Lakshman Jhula

Enthralling culture, stunning scenery and magnificent architecture come together to make this 20th-century bridge one of Rishikesh’s most popular attractions.

Listen to the wild waters of the River Ganges and look on as small motor boats and rafts pass underneath you on Lakshman Jhula. Visit a grand temple at one end of the bridge and purchase handmade artwork and jewelry from markets on both sides.

Built in 1939 this suspension bridge measures 450 feet (137 meters) in length and stands 70 feet (21 meters) above the river. The local people will tell you that its name comes from Lakshmana, the younger brother of Lord Sri Rama who crossed here when the bridge was made from jute thread.

Fortunately you can now cross the bridge confident in its steel construction. Peer over the railings and down over the Ganges. Steep cliffs and dense forest line the banks offering no escape for the adventurous white-water rafters you can watch paddling through this section of the valley.

Return your attention to dry land and stroll along the bridge to see people dressed in bright clothes practicing meditation and a range of religious rituals. Many will then make their way to the 13-storey Tera Manzil temple at the far end of the bridge. Climb to the top floor to enjoy spectacular views of the river as it cuts a path through the rugged green mountains.

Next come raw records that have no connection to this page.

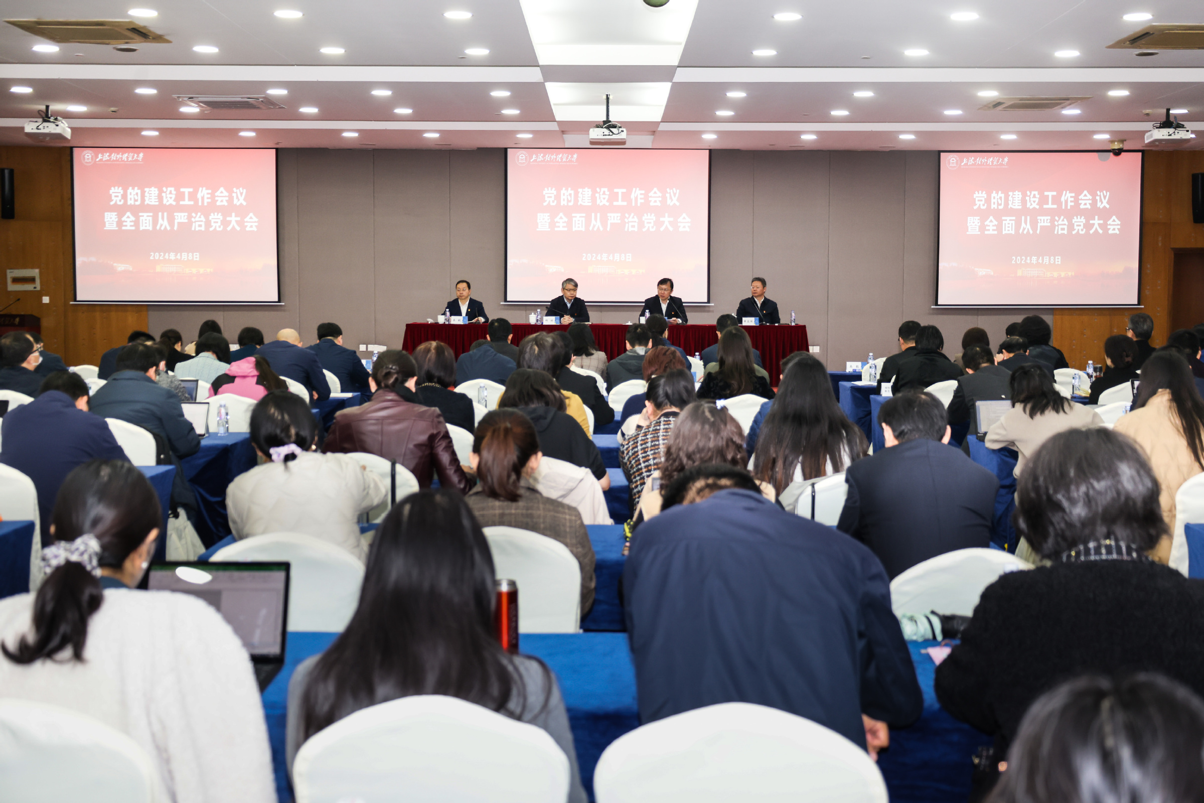 4月8日上午,学校在松江校区图文信息楼526会议室召开党的建设工作会议暨全面从严治党大会,深入贯彻党的二十大精神和习近平总书记关于党的自我革命的重要思想、考察上海重要讲话精神,全面落实市委、市教卫工作党委系统全面从严治党工作要求,总结回顾过去一年学校党的建设和全面从严治党工作,部署安排2024年度重点任务。全体校领导、党的建设工作领导小组成员、师德建设领导小组成员、全体中层领导人员、二级单位党组织纪检委员、教工党支部书记、系(专业)主任、学位点负责人、党风廉政监督员(特邀监察员)等参加会议。
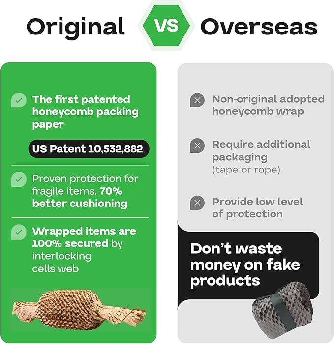 - THE ONLY PROVEN SLIT PAPER TECHNOLOGY: The HexaFil produced by the slit paper technology was developed over 30 years ago. Five years ago, the technology was improved, and a new interlocking design system was added to create even better packing material with extra cushioning. The newly engineered hexagonal cells allow the honeycomb wrapping to expand as you pull, creating a high-performance void filling material. The achieved three-dimensional cushioning product (paper) replaces traditional plastic, bubble, and other paper-based packaging products in terms of properties and efficiency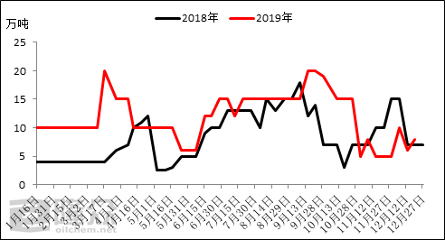 进入2019年下半年镇江港港口库存数据由高走低,最高至20万吨,最低至4万吨。截止12月20日,磷酸二铵国内主要港口库存量约22.1万吨,较上周减少5.6万吨。其中镇江港减少4万吨至4万吨,防城港减少0.5万吨,北海港减少1.1万吨,其他港口暂无变化。主因国际主要进口国库存高位,进口需求差,加上中国港口离岸价不断走低,企业出口积极性欠佳,企业重心转向冬储市场,致使港口库存走低。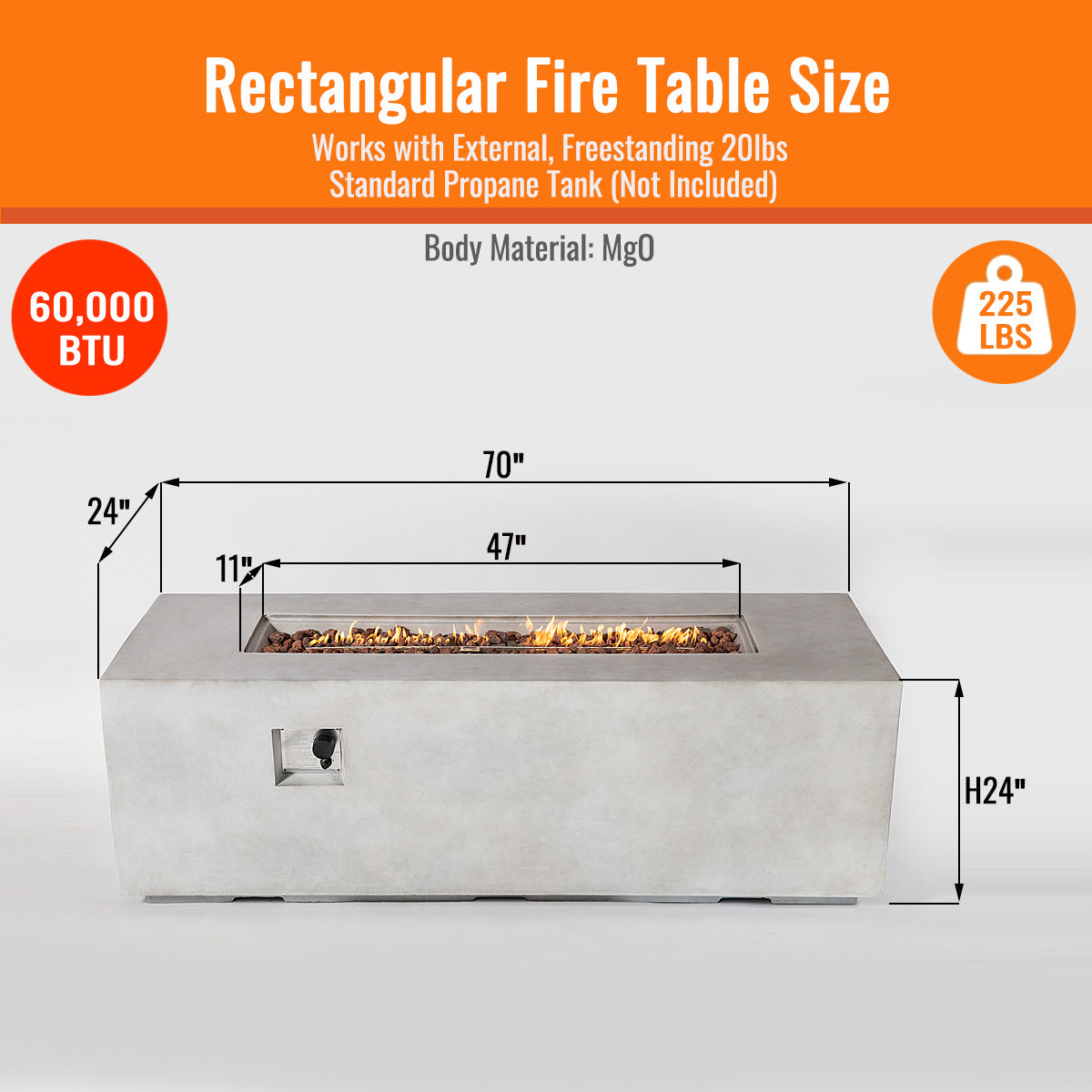70" Rectangular Concrete Propane/Natural Fire Pit Table, Outdoor Fire Pit Table with Lid, 60,000BTU. Fire pit table can be safely placed on the wooden decks or composite decks. The propane tank can be hidden inside the fire pit table.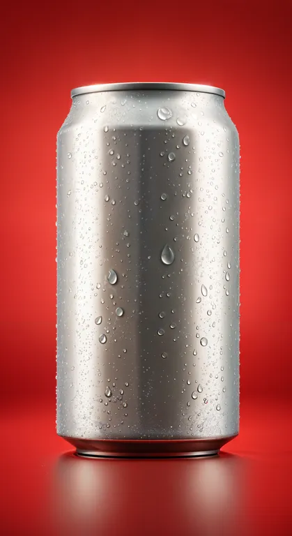 Create a hyper-realistic close-up image of a 473ml can with a plain white label as the main subject, centered in the foreground. The can appears cold and refreshing, with condensation droplets glistening and some water droplets sliding down the surface, emphasizing its chilled state. The background is a vibrant, uniform red, slightly blurred to ensure the focus remains on the can. The lighting is soft yet highlights the metallic texture and cold appearance of the can, casting subtle reflections on the droplets to enhance the sensation of freshness. The overall composition conveys an inviting and crisp aesthetic.
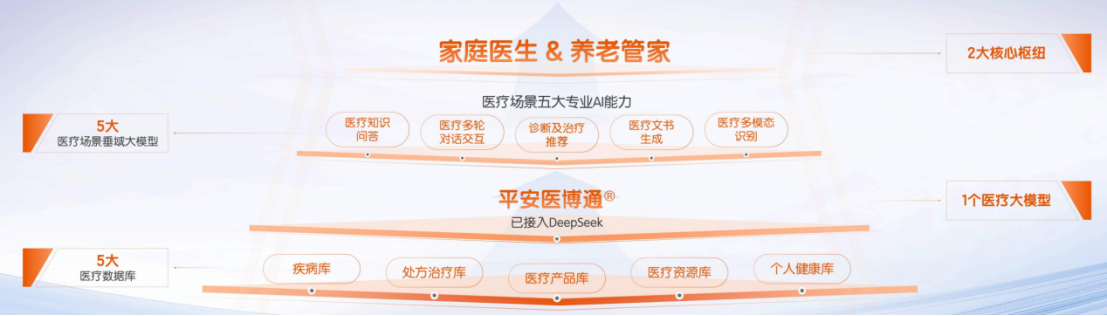以DeepSeek為代表的通用大模型盡管擁有強(qiáng)大的推理和分析能力,但無法直接應(yīng)用于全流程醫(yī)療業(yè)務(wù)場(chǎng)景。為此,平安好醫(yī)生推出了分層的醫(yī)療大模型。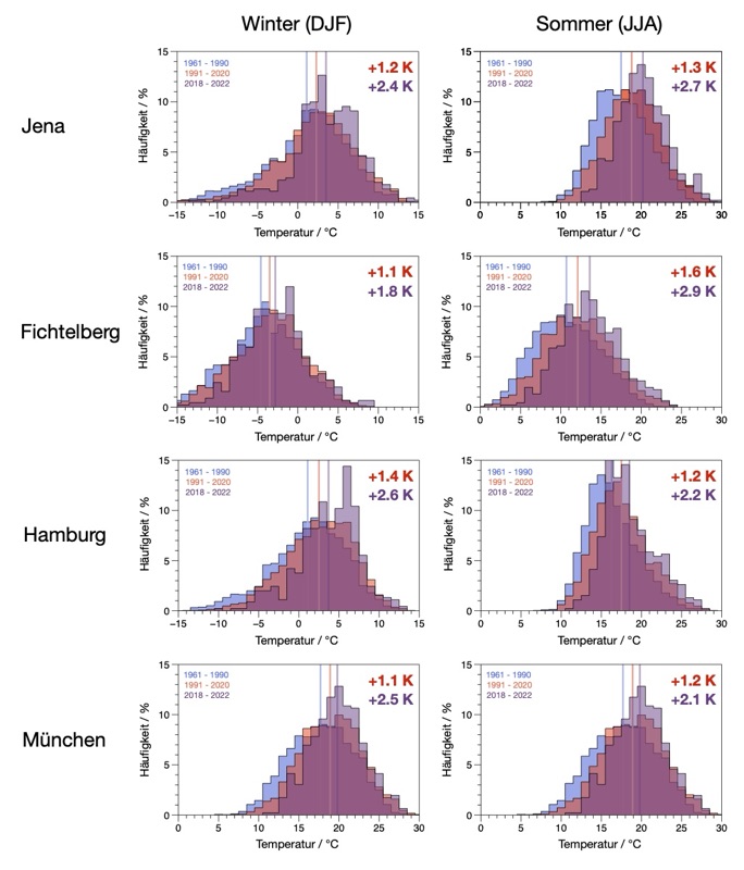 Diese Verschiebungen finden wir natürlich nicht nur in Jena. Hier eine Grafik, die auch Hamburg, München und den Fichtelberg mit einschliesst – für Tagesmitteltemperaturen im Winter und Sommer (entnommen aus dem Anhang dieser Veröffentlichung):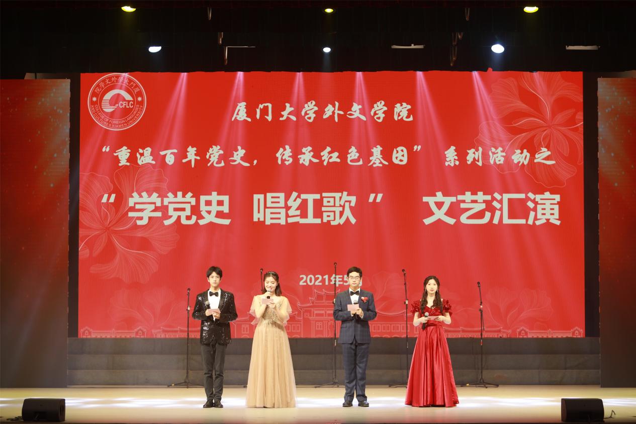 百年华章,以声献礼。5月29日晚,外文学院“重温百年党史,传承红色基因”系列活动之“学党史 唱红歌”文艺汇演在建南大会堂隆重举行。外文学院师生代表组成了十余支合唱队,以歌声回顾百年党史,用旋律铭记初心使命,彰显了外文师生学党史、听党话、 跟党走的坚定决心。厦门大学党史学习教育第五指导组组长杨敬达,学校基层党建工作联络员黄定基,学生处处长李峰,组织部副部长乔连全,宣传部副部长楼红英,教师工作部副部长伍伟平,外文学院党委书记陈志伟,党委副书记马龙、沈丽秀,副院长李美华、徐琪、辛志英,英语系副主任林斌,工会主席潘宁等莅临活动现场。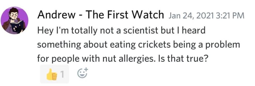 Because this was specifically about crickets and nuts, I wanted to focus on that. However, at the same time, I also felt a note about chitin would be appropriate just in case someone comes here looking for this kind of thing. There’s a lot of potential allergens, and not all of them are well characterized.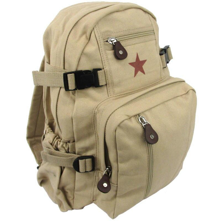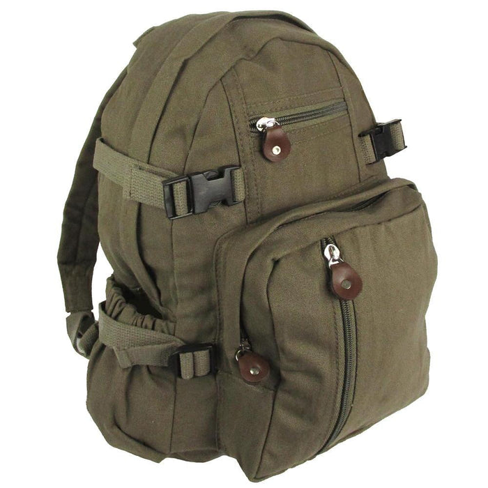 Rothco's canvas backpack combines a vintage look and feel with a compact design to survive a day in the modern life. Constructed from cotton canvas with leather accents and metal zips. A good size for carrying your gear to work, school or on day hikes.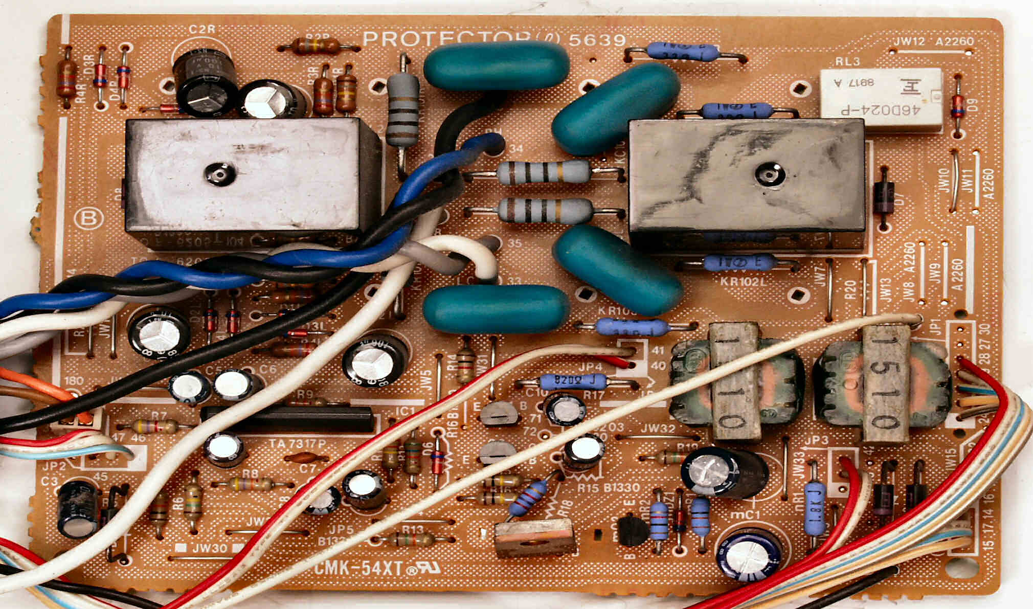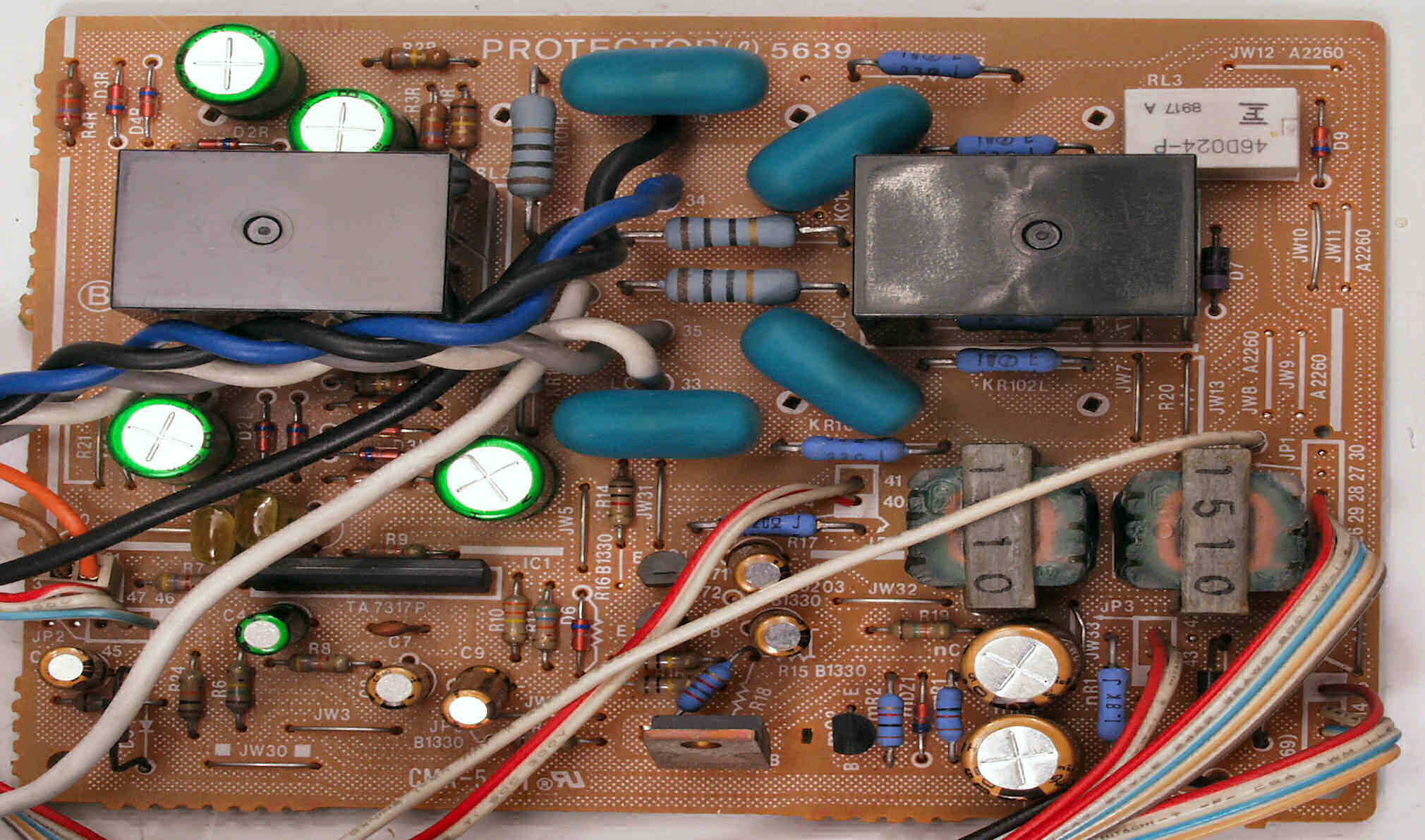| C3D−2. 修理中 SP接続リレー&プロテクト基板裏、 固定されていない中型TR(トランジスター)の足は半田不良になりやすい。 |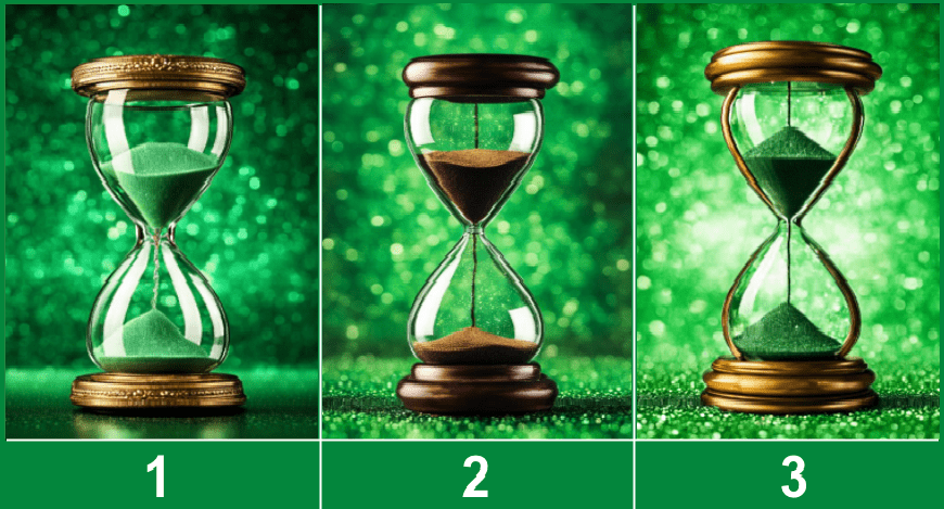 Paveikslėlyje pavaizduoti trys smėlio laikrodžiai – kiekvienas jų turi savo formą. Jų smėlis krenta neįtikėtinai tiksliai, sudarydamas užburiančią laiko tėkmę. Kiekvienas iš šių smėlio laikrodžių neša savo likimą ir paslaptis.
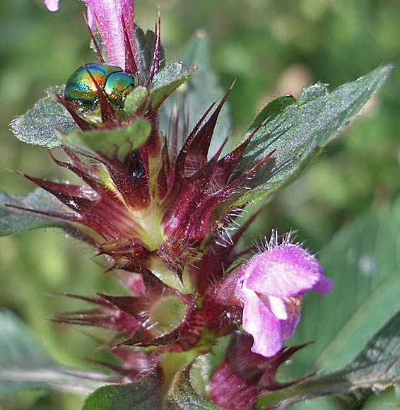 Hohlzahn (Galeopsis sp.) mit Blattkäfer (Chrysolina graminis) ...mehr über unsere → Käferarten im Glemstal → Naturräume im Glemstal bei Hemmingen |

The bridge connects the Tehri and Pauri districts and both of these have extensive markets nearby. Walk to either end and you will find a vast selection of stalls where local artisans sell handcrafted goods.  Find wooden sculptures and paintings or search for pretty garments and jewelry. 

Lakshman Jhula is approximately 5 miles (8 kilometers) north of Rishikesh. The bridge is now used by small motorized vehicles as well as by visitors on foot. It is always open and there is no fee to cross.